··· DATASET EXTRACT

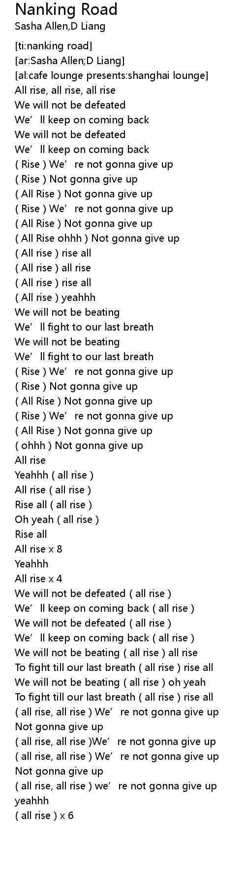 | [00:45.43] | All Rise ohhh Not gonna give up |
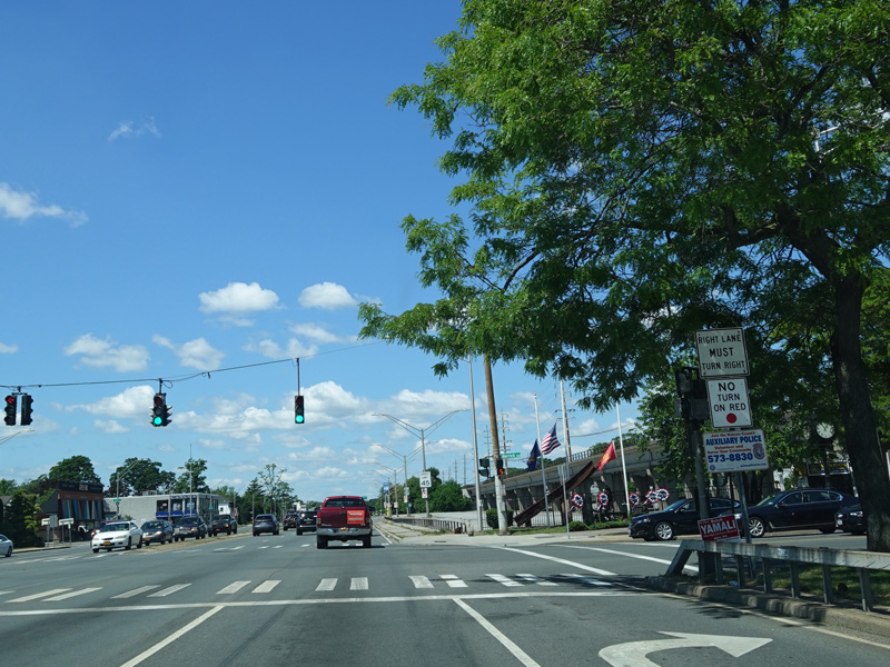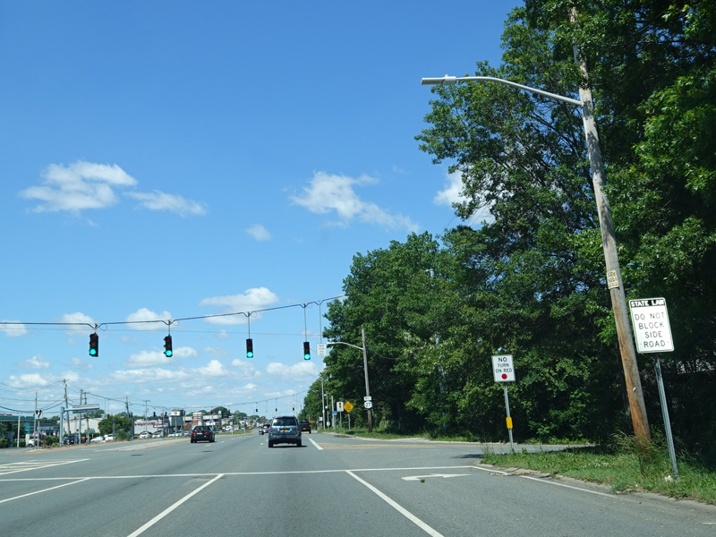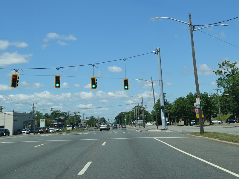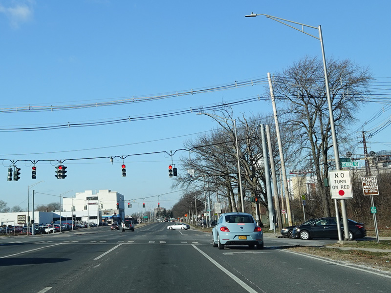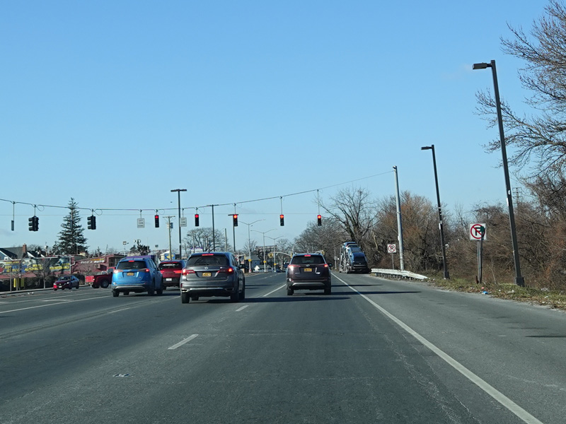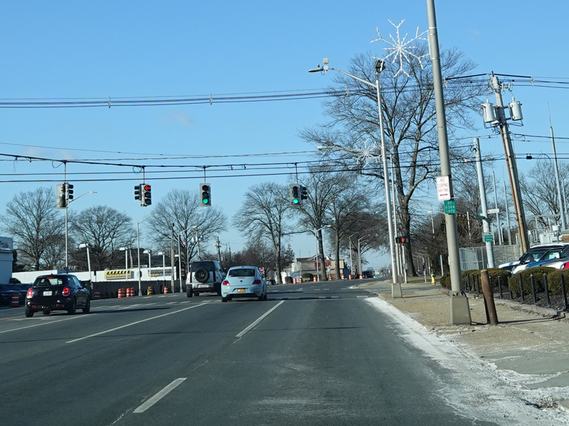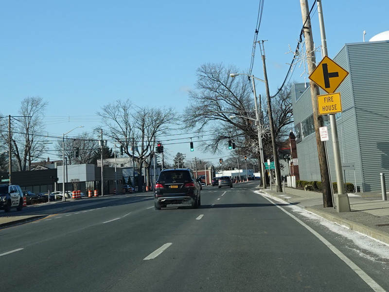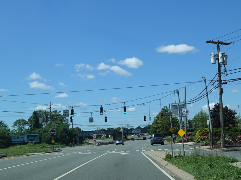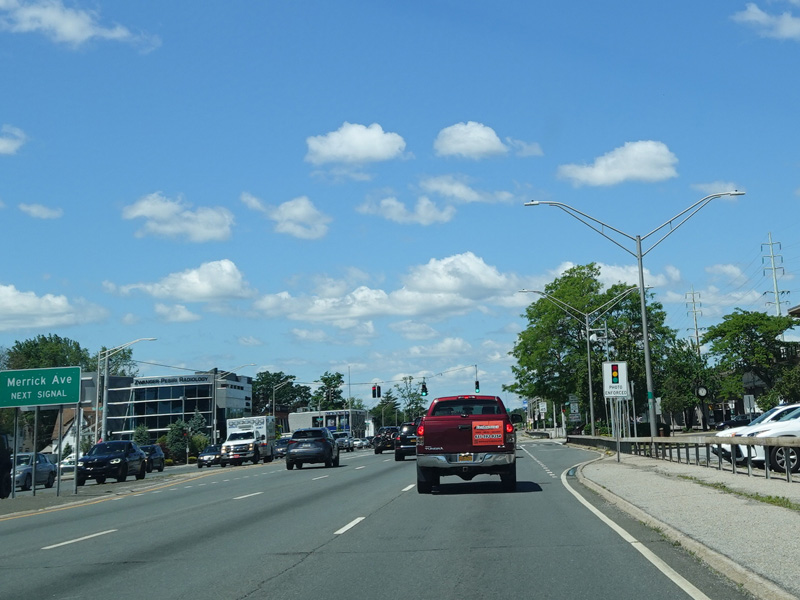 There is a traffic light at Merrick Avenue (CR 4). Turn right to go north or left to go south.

······
··· DATASET EXTRACT

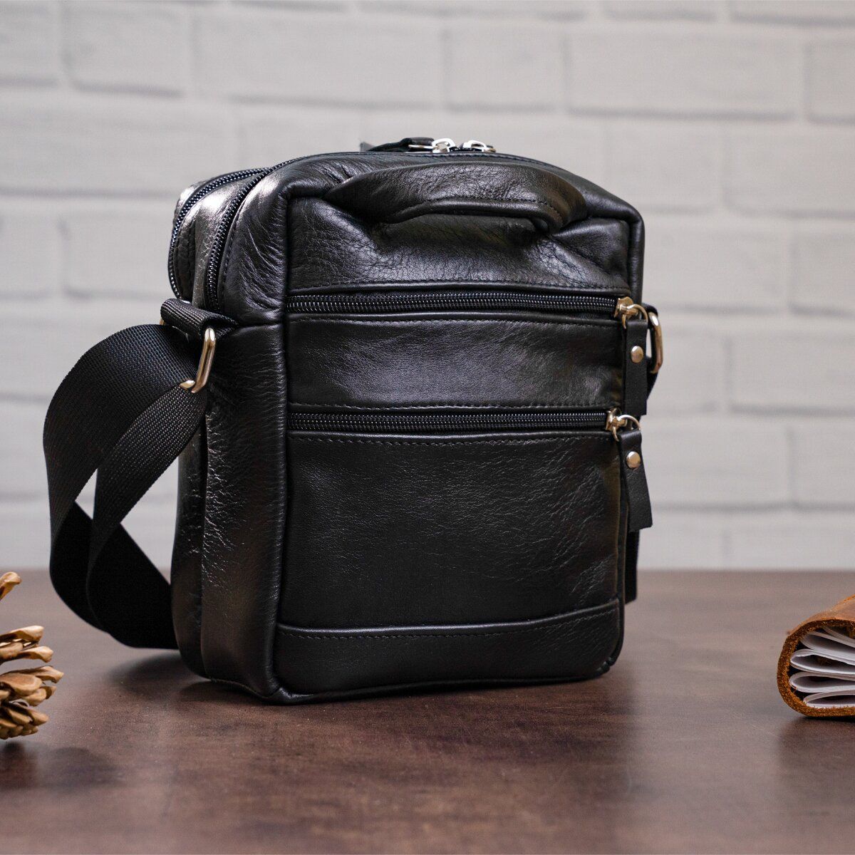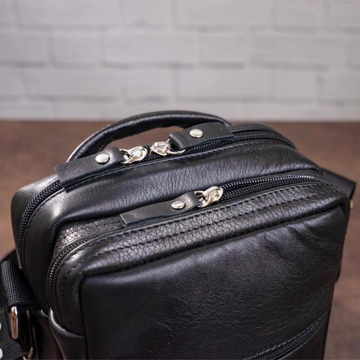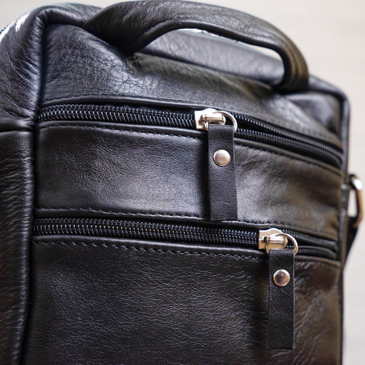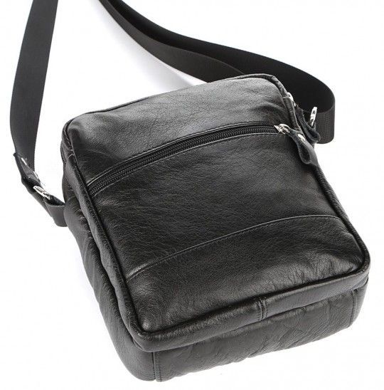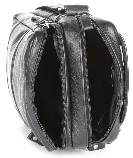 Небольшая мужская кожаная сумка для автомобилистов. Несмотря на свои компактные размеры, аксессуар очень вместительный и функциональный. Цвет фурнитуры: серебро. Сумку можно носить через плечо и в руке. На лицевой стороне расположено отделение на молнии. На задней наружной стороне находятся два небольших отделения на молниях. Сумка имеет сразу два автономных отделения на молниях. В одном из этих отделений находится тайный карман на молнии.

······

→ **ACTIVITY**: What is needed is an exact copy of only the lines above from the one with "gonna give up |" to the one with "There is a traffic", both kept, with every picture left out.

→ **RESULT OF THE EXERCISE**:
 | [00:45.43] | All Rise ohhh Not gonna give up |
 There is a traffic light at Merrick Avenue (CR 4). Turn right to go north or left to go south.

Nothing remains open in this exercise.